Nitrogen-containing heterocycles such as quinazolines and benzofurans have received a great amount of interest in targeted therapies as antitumor drugs [1]. Among quinazoline analogues, 4-aminoquinazolines have established themselves as selective and effective inhibitors of the epidermal growth factor receptor tyrosine kinase (EGFR-TK), which results from competitive binding at the ATP site [2,3]. We envisaged that molecular hybridization based on condensing 7-amino-2-aryl-5-bromobenzofurans with 5-bromo-4-chloroquinazolines in a single molecular framework may provide a more general method for the synthesis of benzofuran-quinazoline hybrids. Retrosynthetic analysis revealed that oximes derived from the 7-acetyl–substituted 2-aryl-5-bromobenzofurans would undergo the Beckmann rearrangement followed by hydrolysis of the acetamide derivatives to afford 7-aminobenzofurans for possible condensation with 4-chloroquinazolines.
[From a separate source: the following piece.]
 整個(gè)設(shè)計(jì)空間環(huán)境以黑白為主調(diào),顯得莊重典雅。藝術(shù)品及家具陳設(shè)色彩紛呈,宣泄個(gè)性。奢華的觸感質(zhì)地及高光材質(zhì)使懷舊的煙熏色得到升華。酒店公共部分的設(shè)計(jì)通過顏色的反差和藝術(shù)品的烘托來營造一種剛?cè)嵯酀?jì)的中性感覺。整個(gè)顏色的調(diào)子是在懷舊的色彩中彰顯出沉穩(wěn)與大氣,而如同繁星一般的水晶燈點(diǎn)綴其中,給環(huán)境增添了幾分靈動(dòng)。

The prepared benzofuran appended 4-aminoquinazoline hybrids were evaluated for cytotoxicity in vitro against human lung cancer (A549), epithelial colorectal adenocarcinoma (Caco-2), and hepatocellular carcinoma (C3A) cell lines. Since these tumor cells have been proven to be highly expressed in the cell line of EGFR, we also evaluated representative compounds from each series for potential to inhibit EGFR-TK phosphorylation complemented with molecular docking (in silico) into the ATP binding site of EGFR.